由于作業繁忙原因,對人臉識別技術原理的連載停了一段時間,從今天開始嘗試恢復回來,我們先回想一下前面完成的作業,這幾節主要任務就是為神經網路的訓練準備足夠多的資料,第一步是創建不包含或者包含人臉部分小于30%的圖片,我們從人臉圖片資料集中的每張圖片隨機選取一個矩形區域,確定該區域與人臉區域不重合或重合部分少于30%,這部分資料我們成為neg,目的是告訴網路沒有人臉的圖片是怎樣的,
接著再次選取一系列區域,這次確保選取的區域與人臉區域的重合度高于30%但是低于65%,這類資料我們稱為part,其目的是訓練網路識別部分人臉,由此增強網路對人臉的認知能力,第三部分就是選取一系列矩形區域,確保區域與人臉部分的重合度大于65%,這部分資料稱為positive,其目的是讓網路學會識別人臉特征,
同時我們還找來資料集“Deep Convolutional Network Cascade for Facial Point Detection”,該資料集包含了眾多人臉圖片,同時標記了人臉中五個關鍵點的坐標,這些關鍵點分別為左右眼睛,鼻子,還有兩邊嘴角,我們要訓練網路在識別圖片時能找到這5個關鍵點所在位置,這樣才能有效提高網路對圖片中人臉的查詢能力,
這一系列資料要輸入網路時,讀取IO是一個瓶頸,為了提升讀取效率,我們需要將這些資料集中起來形成聯系的存盤塊,這樣讀入記憶體時效率才能保證,要知道我們需要將幾十萬張小圖片輸入給網路,因此IO讀寫是有效訓練神經網路的關鍵,此次我們采用tensorflow框架下的tfrecord來存盤資料,其原理與我們在上一節講解過的protocol buffer一模一樣,
接下來我們要把前面幾節獲取的相關圖片資料,人臉矩形歸一化后對應的坐標,人臉五個關鍵點歸一化坐標等,這里總共有將近一百多萬條資料需要處理,因此資料的讀寫非常棘手,首先要做的就是將所有坐標資訊從多個檔案讀取到記憶體中,代碼如下:
def get_dataset(dir, item): #對應生成的train_pnet_landmark.txt
print('dir is: ', dir, item)
dataset_dir = os.path.join(dir, item)
print('join path: ', os.path.join(dir, item))

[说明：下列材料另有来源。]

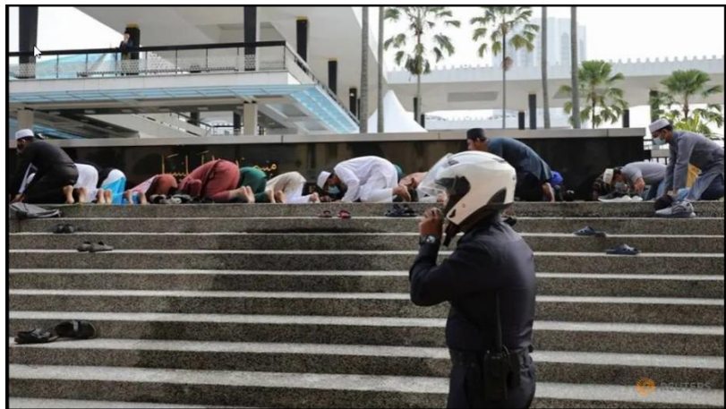
A police officer gives warning to Muslims praying outside the closed National Mosque, during Hari Raya, the Muslim festival marking the end the holy fasting month of Ramadan, amid the coronavirus disease (COVID-19) outbreak in Kuala Lumpur, Malaysia May 24, 2020.

He noted that many parties have appealed to the government to permit interstate travel for this major festival.
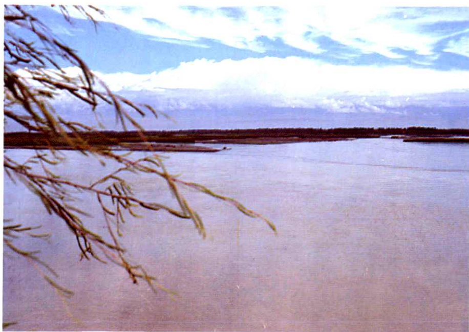
旖旎的阿克苏河风光
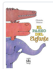
EL PASEO DEL ELEFANTE NAKANO, HIROTAKA
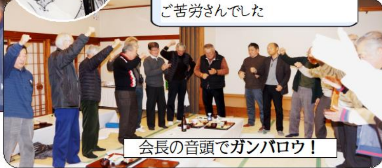
会長の音頭でガンパロウ！
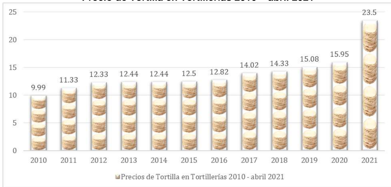
Gráfica 2 Precio de Tortilla en Tortillerías 2010 – abril 2021
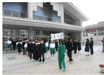
部活動見学へ誘導する本部
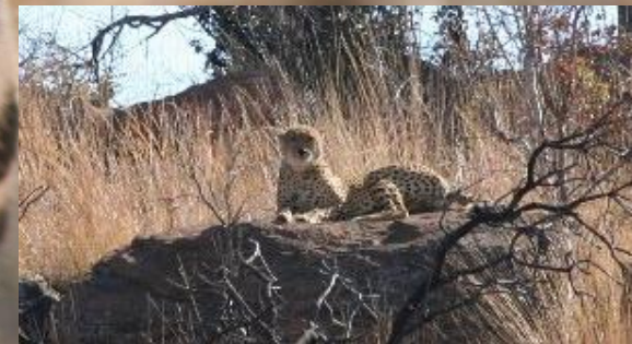
Cheeta op de uitkijk

Sommige cheeta's hebben een foutje in hun genen waardoor hun vlekken groter zijn. Ook hebben ze dikke strepen op hun rug. Deze cheeta's worden koningscheeta genoemd
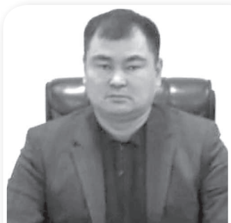
Арманбай БЕКМУРАТОВ, Нукус шаҳри ҳоқими ўринбосари, Маҳалла ва оилани қўллаб-қувватлаш бўлими бошлиғи.
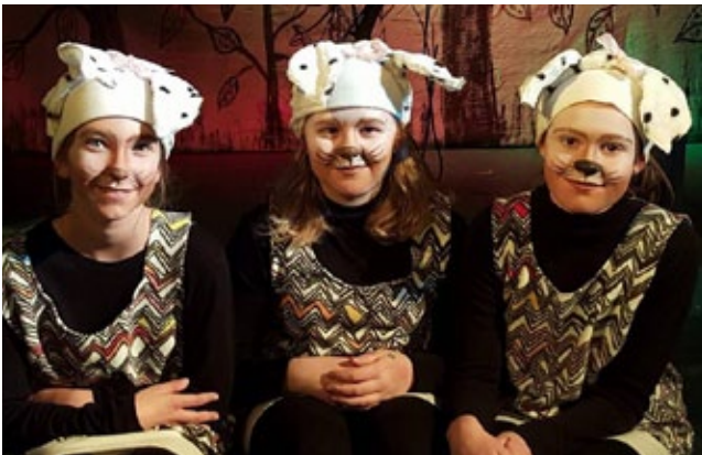
Dýrin í Hálsaskógi

sýningar þar sem 36 manns tóku þátt. Þar sem ekki var unnt að sýna fleiri sýningar á þeim tíma, stefnum við að því að setja sýninguna upp aftur í haust og vonandi verður það gerlegt.
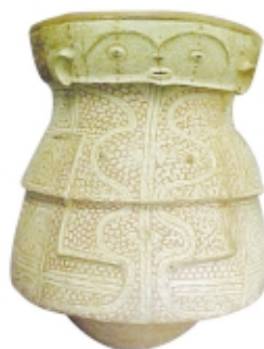
Urna Cunani, cerámica, alto: 78 cm, Museu Paraense Emilio Goeldi, Brasil Cunani urn, ceramic, high: 78 cm, Museu Paraense Emilio Goeldi, Brazil
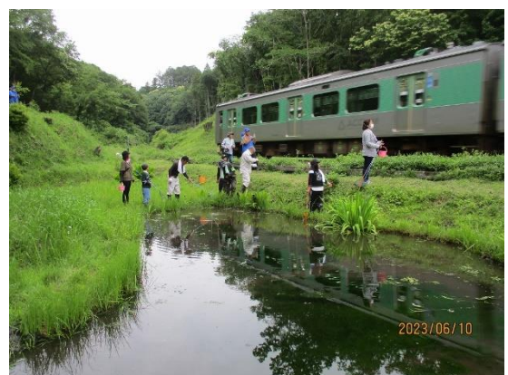
<写真コンクール 優秀賞受賞>
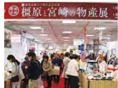
昨年の会場の様子
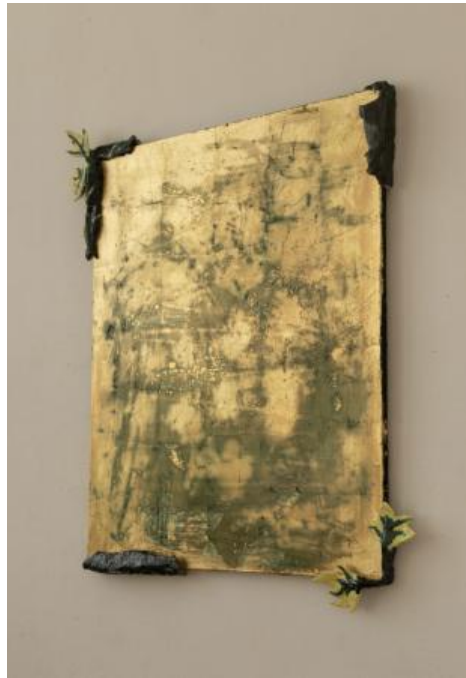
Iconisch schilderij, 2022 Bladgoud op canvas, lijst van keramiek, 80 x 100 cm.
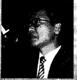
표 2. 우유의 생산 및 소비증가율 (%)
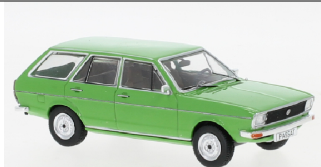
Deco - sample not final
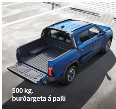
500 kg. burðargeta á palli
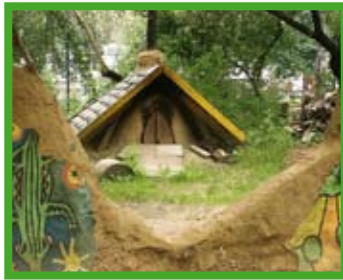
Lehmofen auf einem Spielplatz in Berlin
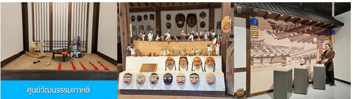
ศูนย์วัฒนธรรมเกาหลี

เช้า รับประทานอาหารเช้า ณ ห้องอาหารของโรงแรม (9)
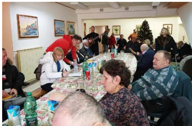
Najprej smo se zbrali v prostorih društva
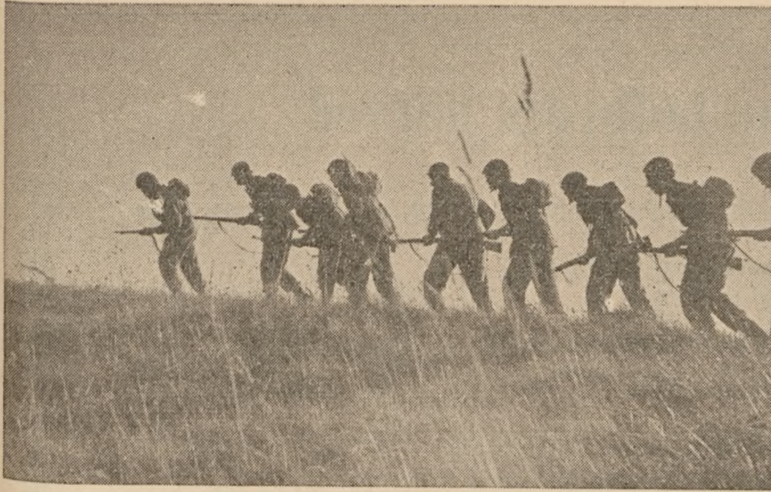
I 1949 blev hjemmeværnet lovfæstet og arbejdet fik mere militært præg. Her er en hjemmeværnsgruppe under fremrykning.

kolonnes sabotage, at rykke ud til bevogtning af alle livs- og krigsvigtige funktioner.

print('dataset dir: ', dataset_dir)
image_list = open(dataset_dir, 'r')
dataset = []
for line in tqdm(image_list.readlines()):
info = line.strip().split(' ')
if len(info) < 2:
print('info err: ', info)
data_example = {}
bbox = {}
data_example['filename'] = info[0]
data_example['label'] = int(info[1])
bbox['xmin'] = 0.0 #初始化人臉區域
bbox['ymin'] = 0.0
bbox['xmax'] = 0.0
bbox['ymax'] = 0.0
bbox['xlefteye'] = 0.0 #初始化10個關鍵點
bbox['ylefteye'] = 0.0
bbox['xrighteye'] = 0.0
bbox['yrighteye'] = 0.0
bbox['xnose'] = 0.0
bbox['ynose'] = 0.0
bbox['xleftmouth'] = 0.0
bbox['yleftmouth'] = 0.0
bbox['xrightmouth'] = 0.0
bbox['yrightmouth'] = 0.0
if len(info) == 6: #當前記錄只包含人臉區域
bbox['xmin'] = float(info[2])
bbox['ymin'] = float(info[3])
bbox['xmax'] = float(info[4])
bbox['ymax'] = float(info[5])
if len(info) == 12: #當前記錄包含了10個人臉關鍵點
bbox['xlefteye'] = float(info[2])#初始化10個關鍵點
bbox['ylefteye'] = float(info[3])
bbox['xrighteye'] = float(info[4])
bbox['yrighteye'] = float(info[5])
bbox['xnose'] = float(info[6])
bbox['ynose'] = float(info[7])
bbox['xleftmouth'] = float(info[8])
bbox['yleftmouth'] = float(info[9])
bbox['xrightmouth'] = float(info[10])
bbox['yrightmouth'] = float(info[11])
data_example['bbox'] = bbox
dataset.append(data_example)
return dataset
這些資訊存盤在前面幾節我們生成的pos_12.txt,landmark_12_aug.txt等檔案中,接下來是把前面截取的圖片塊資料轉換成字串讀取到記憶體中:
def process_image(filename):
try:
image = cv2.imread(filename)
#print('image to string')
image_data = image.tostring()
#print('finish image to string')
assert len(image.shape) == 3
height = image.shape[0]
width = image.shape[1]
assert image.shape[2] == 3
return image_data, height, width
except Exception as e:
#print('process image err: ', e, filename)
return None, None, None
第三部就是將前面兩步讀取的資訊寫入到tfrecord資料結構中,該結構會以特定格式存盤成檔案:
def _int64_feature(value):
if not isinstance(value, list):
value = [value]
try:
return tf.train.Feature(int64_list=tf.train.Int64List(value = value))
except Exception as e:
print('int64 err: ', e)
def _float_feature(value):
if not isinstance(value, list):
value = [value]
try:
return tf.train.Feature(float_list=tf.train.FloatList(value = value))
except Exception as e:
print('float err: ', e)
def _bytes_feature(value):
if not isinstance(value, list):
value = [value]
try:
return tf.train.Feature(bytes_list = tf.train.BytesList(value = value))
except Exception as e:
print('bytes err: ', e)
def convert_to_example(image_example, image_buffer):
class_label = image_example['label']
bbox = image_example['bbox']
roi = [bbox['xmin'], bbox['ymin'], bbox['xmax'], bbox['ymax']]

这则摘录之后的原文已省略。